You'll discover diverse biomedical datasets with hundreds of thousands of subjects in the cloud. But are all these data useful? The Terra Data Catalog can help you find and analyze the data you need for your study quickly and easily.
Terra's integrated Data Catalog is designed to make it easier to find and analyze relevant data
- Quickly search and filter datasets hosted by Terra.
- Once you find interesting data, export it directly to your Terra workspace to use in a workflow or interactive analysis.
To access the Data CatalogGo to the main navigation menu > Library > Datasets and toggle New Catalog ON.
Streamlining the exploratory process
- Target dataset metadata instead of specific dataset research fields with search and filter
- Access and search datasets that reside in different systems (currently Data Repo and workspaces - and eventually external repositories) in one place
- Request access to controlled data (coming soon)
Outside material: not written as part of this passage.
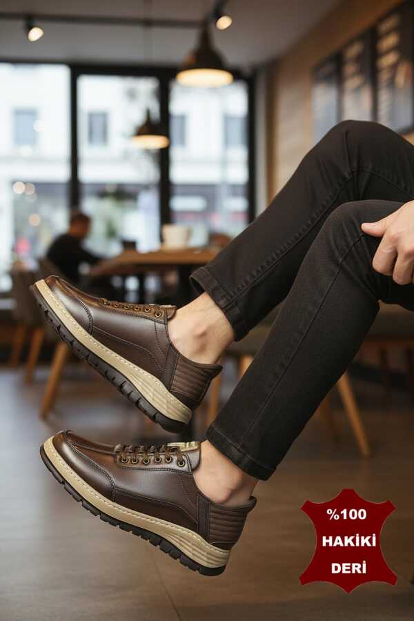 1217-1 Ortopedik Taban Hakiki Deri Günlük Erkek Ayakkabı Kauçuk Taban Casual Ayakkabı

- Similar experience regardless of dataset and consortium and source
How to search and filter datasets
Target dataset metadata instead of specific dataset research fields. In this example, searching for "leukemia" surfaces one dataset.
- Access type
- Data use policy
- Data modality
- File type
How to filter
The oval beside each filter includes the number of datasets with that filter. Click on the oval to filter (the oval will turn green).
All relevant datasets are listed in the All datasets column, with some basic information:
dataset name | consortium | number of subjects | data modality | last updated
Filtering datasets example
When using multiple filters
Note: Filters can use either "and" or "or" logic.
Selecting filters across categories enforces “and” logic (datasets must satisfy every condition)
If you select “Granted” as the "Access type" and the consortium "ClinVar Annotations, you will only see ClinVar datasets for which you have permission to access.
Selecting filters within a category enforces “or” logic (datasets satisfy at least one condition):
If you select disease type “Adrenal carcinoma” and “Bladder”, your datasets will include everything with either epigenomic or proteomic data.
How to explore datasets quickly
Clicking on the dataset name will surface the following.
- Dataset overview
Includes access type, donor size, sample size, data modality, data type, and file counts. Also contact information and data contributors, as well as the cloud infrastructure and region where the primary data files are stored.
- Data preview
Lets you drill down into the specifics of data included in the dataset as well as request access to controlled data.
- Export to Terra
You can export the data to a new or existing workspace for analysis
1. Screenshot of TARGET Acute Myeloid Leukemia (AML) Project in the Terra Data Catalog
2. Screenshot of dataset preview example (participant table)
3. Screenshot of export to Terra destination example
What to expect
Data will be delivered as one or more tables in the workspace data page.